David Brenner, president of Sanford Burnham Prebys, one of San Diego’s premiere biomedical research foundations, called indirect cost reimbursements “critical and unavoidable expenses,” and called the 15 percent cap “arbitrary and ill-conceived with immediate and long-term repercussions.”
“Beyond severely hindering continued development of life-saving therapeutics and treatments, it puts at risk the training and prospering of new generations of scientists,” Brenner said in an email. “With a cap of 15 percent, fewer scientists will embrace the mission because they will lack sufficient means to do so.
“New generations of scientists will not have the same opportunities. The nation’s global leadership in life sciences will wither; the pipeline of new drugs, treatments and therapies will become a trickle.”
However, in its Feb. 7 notice to all U.S. grant recipients, the NIH makes the case that many private funders of research, such as the Gates Foundation and the Rockefeller Foundation, pay indirect cost rates of 15 percent or less.
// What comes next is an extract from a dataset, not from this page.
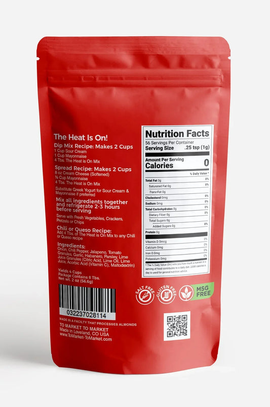 Regular price $6.95Regular priceUnit price perSale price $6.95Looking for a great way to spice up your food? The Heat is On packs a punch with great heat from Habanero and Jalapeno! Perfect for chili, queso or dip mix recipes!

An analysis of indirect expenses at 72 universities, the NIH letter states, showed that 67 “were willing to accept research grants that had 0% indirect cost coverage.”
The agency argues that more of the billions in grant funding it doles out should go toward the people actually performing research.
“The United States should have the best medical research in the world,” the NIH letter states. “It is accordingly vital to ensure that as many funds as possible go towards direct scientific research costs rather than administrative overhead.”
The NIH letter states that while the cap would affect payments for existing grants, the 15 percent cap would not be applied retroactively.